----- Record extracts -----

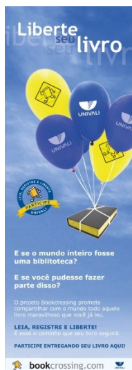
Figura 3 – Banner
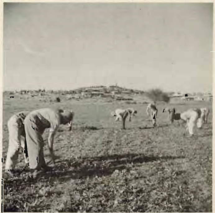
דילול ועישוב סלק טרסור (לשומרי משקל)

-----
----- Record extracts -----

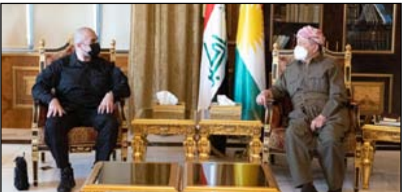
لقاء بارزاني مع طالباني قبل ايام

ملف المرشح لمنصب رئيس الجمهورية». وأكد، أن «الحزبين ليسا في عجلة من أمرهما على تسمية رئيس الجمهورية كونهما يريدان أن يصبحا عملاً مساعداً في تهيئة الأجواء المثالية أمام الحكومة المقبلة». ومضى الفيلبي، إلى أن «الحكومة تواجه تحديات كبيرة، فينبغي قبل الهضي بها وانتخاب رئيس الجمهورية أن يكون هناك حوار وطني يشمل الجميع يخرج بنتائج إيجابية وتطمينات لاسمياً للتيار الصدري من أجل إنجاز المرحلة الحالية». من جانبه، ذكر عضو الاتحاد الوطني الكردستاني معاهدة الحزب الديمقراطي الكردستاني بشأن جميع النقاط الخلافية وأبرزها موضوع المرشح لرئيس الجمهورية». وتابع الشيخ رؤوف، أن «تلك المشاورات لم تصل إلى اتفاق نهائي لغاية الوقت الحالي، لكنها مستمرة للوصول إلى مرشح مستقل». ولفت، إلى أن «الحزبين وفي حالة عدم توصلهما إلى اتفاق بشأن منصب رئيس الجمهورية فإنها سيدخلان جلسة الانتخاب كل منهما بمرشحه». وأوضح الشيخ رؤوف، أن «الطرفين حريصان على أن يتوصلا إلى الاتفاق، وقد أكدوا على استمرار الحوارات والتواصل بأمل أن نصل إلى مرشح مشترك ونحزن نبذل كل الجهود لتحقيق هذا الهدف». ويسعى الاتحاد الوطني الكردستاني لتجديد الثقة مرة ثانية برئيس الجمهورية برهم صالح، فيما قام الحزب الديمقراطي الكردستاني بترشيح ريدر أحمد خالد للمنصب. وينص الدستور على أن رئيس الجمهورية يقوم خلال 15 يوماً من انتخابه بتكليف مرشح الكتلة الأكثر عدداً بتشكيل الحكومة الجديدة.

-----
----- Record extracts -----

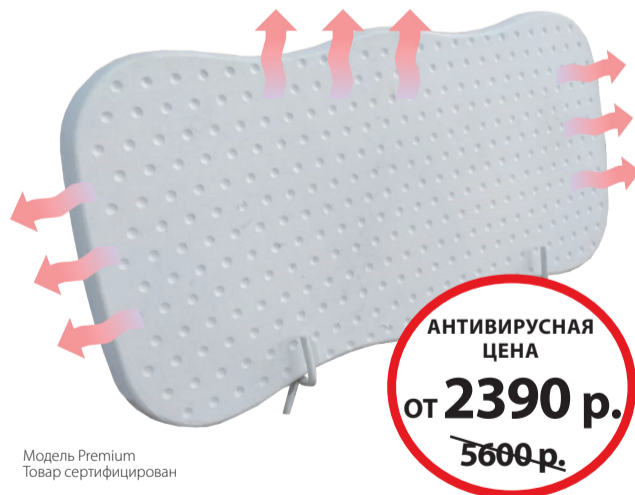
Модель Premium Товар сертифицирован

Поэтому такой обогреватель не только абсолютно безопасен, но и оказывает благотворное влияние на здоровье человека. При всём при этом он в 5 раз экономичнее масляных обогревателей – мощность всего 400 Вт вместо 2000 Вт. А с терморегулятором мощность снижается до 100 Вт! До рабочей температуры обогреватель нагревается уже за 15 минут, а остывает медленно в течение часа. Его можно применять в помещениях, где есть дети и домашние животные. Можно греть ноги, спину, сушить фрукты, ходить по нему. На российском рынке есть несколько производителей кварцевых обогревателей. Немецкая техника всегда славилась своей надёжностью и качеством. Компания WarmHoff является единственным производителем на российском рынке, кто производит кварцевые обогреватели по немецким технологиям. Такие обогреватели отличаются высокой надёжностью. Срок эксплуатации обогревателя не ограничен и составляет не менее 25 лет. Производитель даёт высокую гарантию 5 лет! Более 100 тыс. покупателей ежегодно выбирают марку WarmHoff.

-----

* What you need to do
From the entries above, copy exactly the lines starting at the one with "Figura 3 – Banner" and stopping at the one with "דילול ועישוב סלק טרסור (לשומרי משקל)", keeping both ends. Drop the pictures.

* Result for this exercise
Figura 3 – Banner
דילול ועישוב סלק טרסור (לשומרי משקל)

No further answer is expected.